In this article I want to share challenges including their solutions which I encountered with the Azure Application Gateway and Web Application Firewall. This article is more a wiki than a blog post and will be always updated if new things come up.
Table of content
- Application Gateway is in Failed State
- Application Gateway does not respond due to exceeded limits
- Application Gateway does not respond without any changes
Application Gateway is in Failed State
Problem:
The Application Gateway is running proper but is in Failed state.
Cause:
- The last update timed out and then the state appeared as Failed.
Solution:
- You can restore the current configuration by running the following PowerShell script.
- This will just restore the current applied configuration and the state will switch from Failed to Succeeded.
- You can also do this via Azure Resource Graph.

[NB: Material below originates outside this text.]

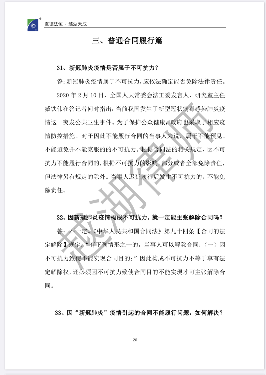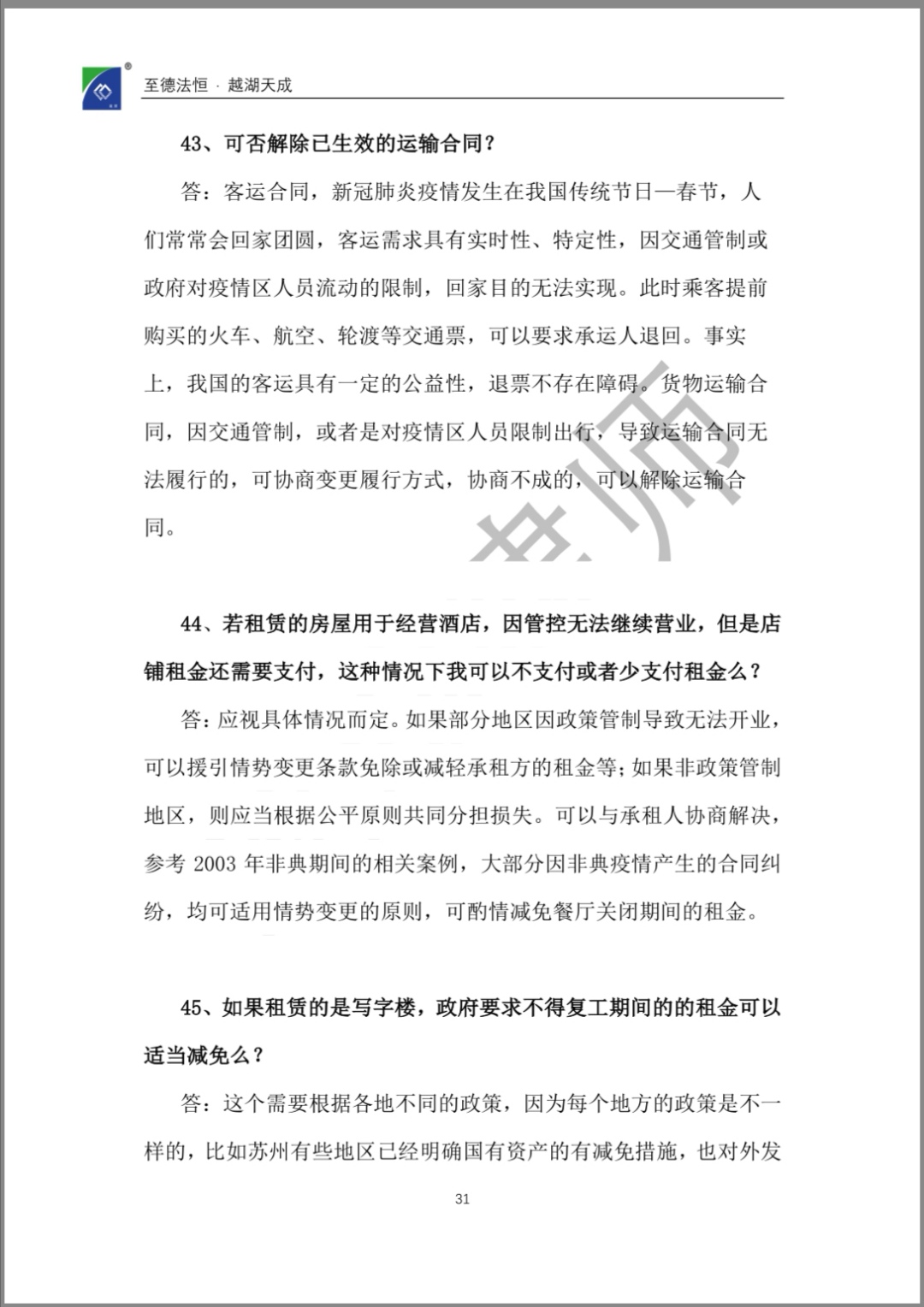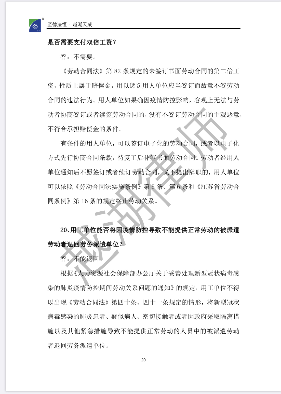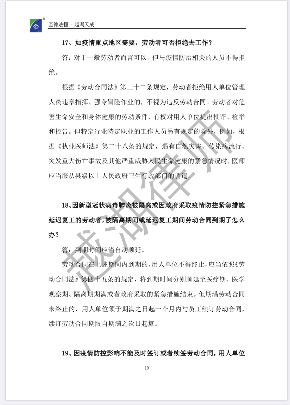 【企业“抗疫”宝典】《越湖100问:新冠肺炎疫情防控背景下企业常见法律问题实用指南》今日发布

#********* Restore Application Gateway from failed state ********#
#Variables
$Subscription = "Subscription Name of the Application Gateway"

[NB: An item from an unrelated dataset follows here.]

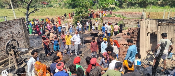 आग से पांच परिवारों की झोपड़ियां राख, दो बकरियां मरी, एक महिला झुलसी

$AppGW_Name = "Name of the Application Gateway"
$AppGW_RG = "Resource Group Name of the Application Gateway"
#Script
Connect-AzAccount
Set-AzContext -Subscription $Subscription
$AppGw = Get-AzApplicationGateway -Name $AppGW_Name -ResourceGroupName $AppGW_RG
Set-AzApplicationGateway -ApplicationGateway $AppGw
Application Gateway does not respond due to exceeded limits
Problem:
During a configuration update on the Application Gateway or Web Application Firewall or also just during the runtime, the Backend Health is unavailable for all resources, no metrics are available in the overview blade, Backend does not respond if you try to reach your published resources.
Cause:
- The memory consumption on the Application Gateway was too high because of passing the Web Application Firewall (WAF) limits.
- Due to the memory fragmentation along with logging pressure and scan periodic process the system run out of its memory and crashed.

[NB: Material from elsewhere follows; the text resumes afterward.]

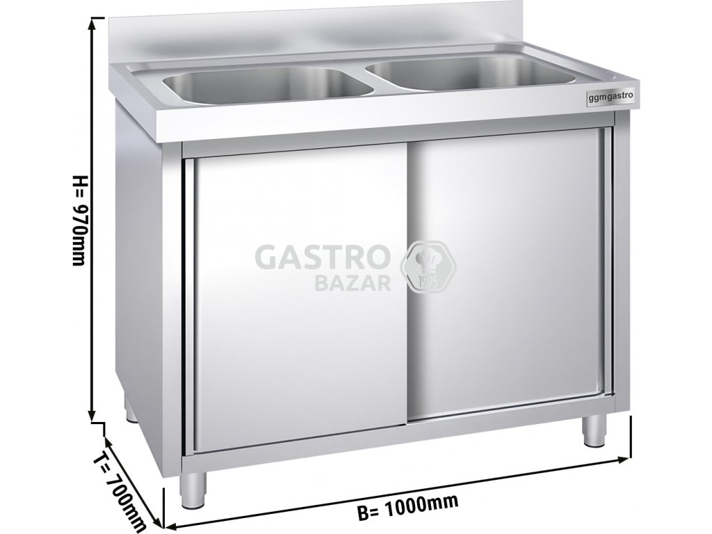 Dřez nerezový s posuvnými dveřmi 1,0 m, 2 dřezy uprostřed, hloubka 60 cm

- The config applied has the Nginx master consumes 22% of the memory. If Microsoft adds other processes as well, the system will have on regular 70% memory consumption and this is before periodic monitoring, logging and other clean up services are running.
- This is putting the system in a place where each modification can fail or high load might lead to the service going down until recovered.
Solution:
- Splitting up the WAF rules to be sure that the limit on the total amount of exclusions is respected.
- Optimize the WAF rules in multiple ways, e.g. combine rules or disable managed rules because of false-positives, to reduce the system load.
- You can find the limit in the Microsoft Documentation.
- Be aware of that in case of WAF-enabled SKUs, the limit is lower then for normal the SKU. This is just documented in the small end notes.
Explanation:
- The WAF Deployment is impacting the Application Gateway because its a part of it.
- Any change to a WAF policy is being deployed to the Application Gateway. So a config change that is done on the WAF policy will result in a config change to the Application Gateway.
- For managed rules, there is no limit as you can only disable them or some of the rules. But the memory footprint is very similar as for custom rules.
- The biggest issue from WAF point of view appears to be the number of exclusion.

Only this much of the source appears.